Purpose: Complications from renal angiomyolipomas (AMLs) are common in patients with tuberous sclerosis complex (TSC) and tumors greater than 4 cm are more likely to cause symptoms. AMLs are the most common cause of death in adults with TSC. We present our long-term experience with transcatheter tumor embolization as a definitive treatment for AMLs due to TSC. Materials and Methods: A total of 16 patients with TSC between 7.5 and 47.2 years old with symptomatic or large (4 to 21 cm) AMLs underwent embolization. Followup consisted of periodic physician visits or telephone contacts and renal imaging. Results: The 16 patients underwent 18 treatment sessions to embolize 27 tumors. There were no intraoperative complications. The post-embolization syndrome occurred in 11 individuals but all responded to medical management. Two individuals had an arterial aneurysm within a tumor.

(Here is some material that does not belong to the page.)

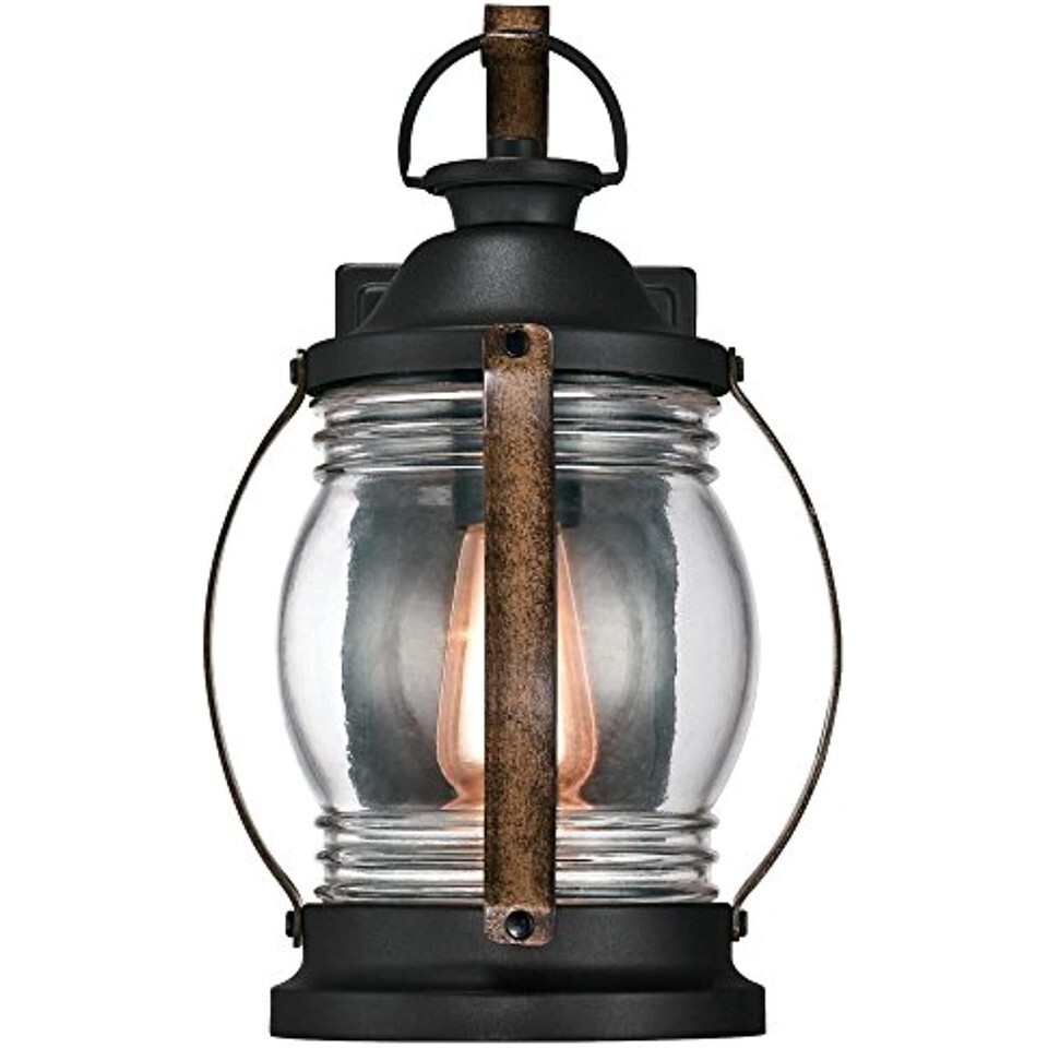 Bring a touch of Rustic charm to your home's exterior with the Westinghouse Canyon one-light wall fixture. This timeless fixture adds traditional appeal with a two-tone textured black and Barnwood finish and clear hand blown glass retro-style shade. Light up a front or back entryway with this Arts and Crafts fixture. Install it on a porch or balcony for welcoming illumination. This wall lantern's timeless design and durable craftsmanship ensure lasting style and beauty. It is backed by a five-year limited warranty against defects in materials and workmanship. Westinghouse is a trusted, global brand. Westinghouse knows lighting and offers products with exceptional quality, reliability and functionality. Product reference number 63351.Back Plate Height (inches): 7.40, Back Plate Width (inches): 4.56, Bulb Base: E26 (Medium)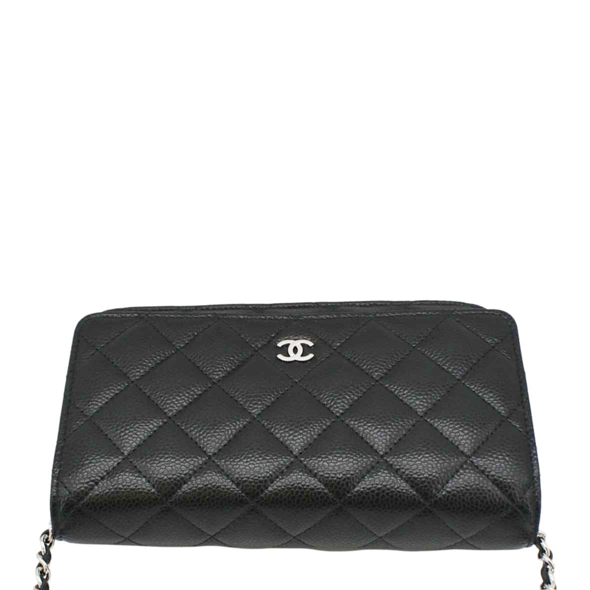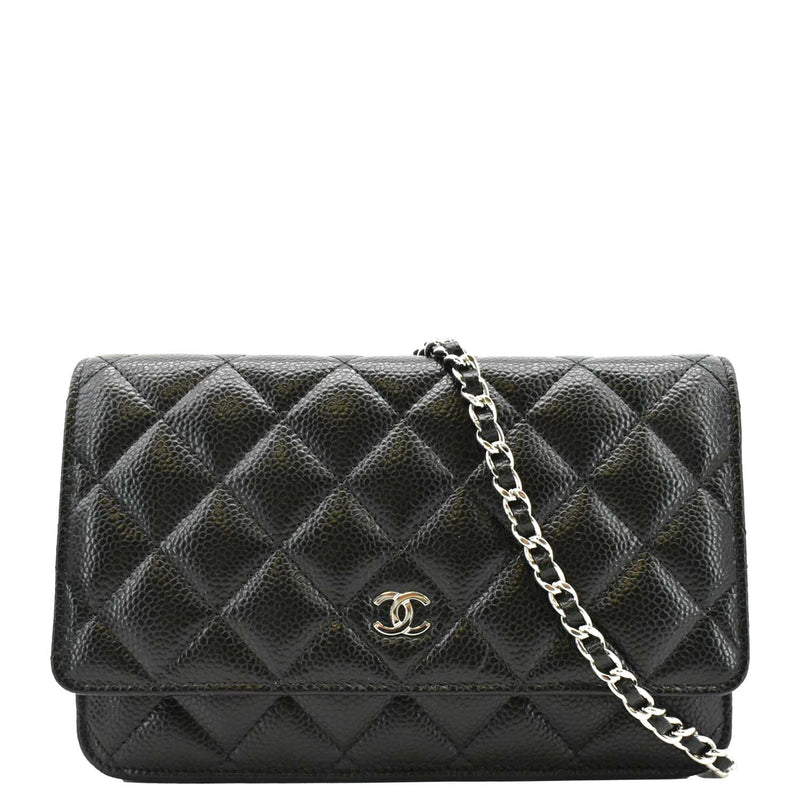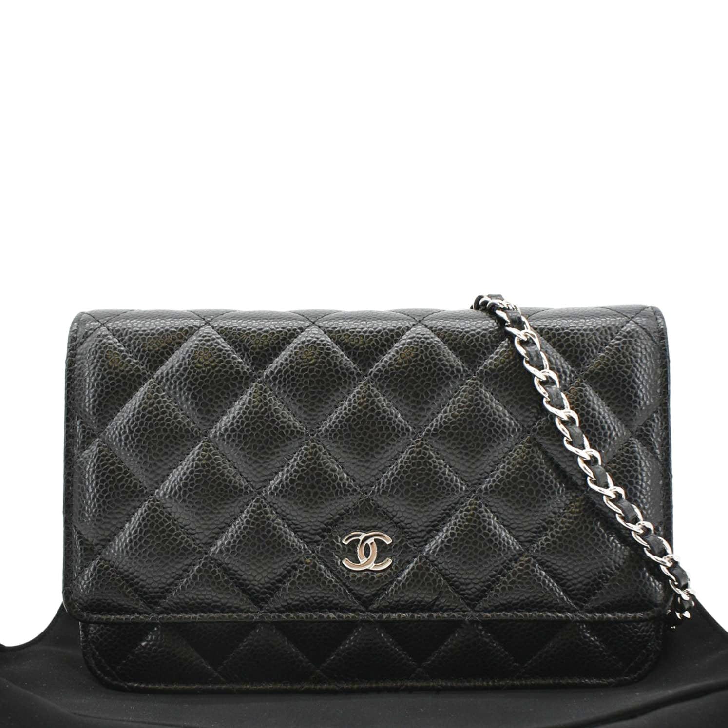 The Chanel Woc Quilted Caviar Leather Wallet on Chain Crossbody Bag in Black features luxurious quilted leather, a signature chain strap, and the iconic Chanel logo, offering a chic and versatile accessory for any occasion.

The AML size decreased in the 13 patients who were imaged 3 months after treatment, and the 7 patients who were imaged 3 to 9 years after treatment have shown no tumor regrowth. No renal failure or hemorrhage has developed in patients following embolization. Conclusions: Transcatheter embolization of symptomatic or large AMLs due to TSC prevents hemorrhage and renal loss. The treatment is minimally invasive, preserves renal function, and can be performed multiple times. All of the patients who underwent followup renal imaging after embolization showed decreased AML size, and none of the 16 patients has developed renal loss or renal insufficiency in these individuals. Embolization should be considered the initial treatment of choice for large or symptomatic AMLs.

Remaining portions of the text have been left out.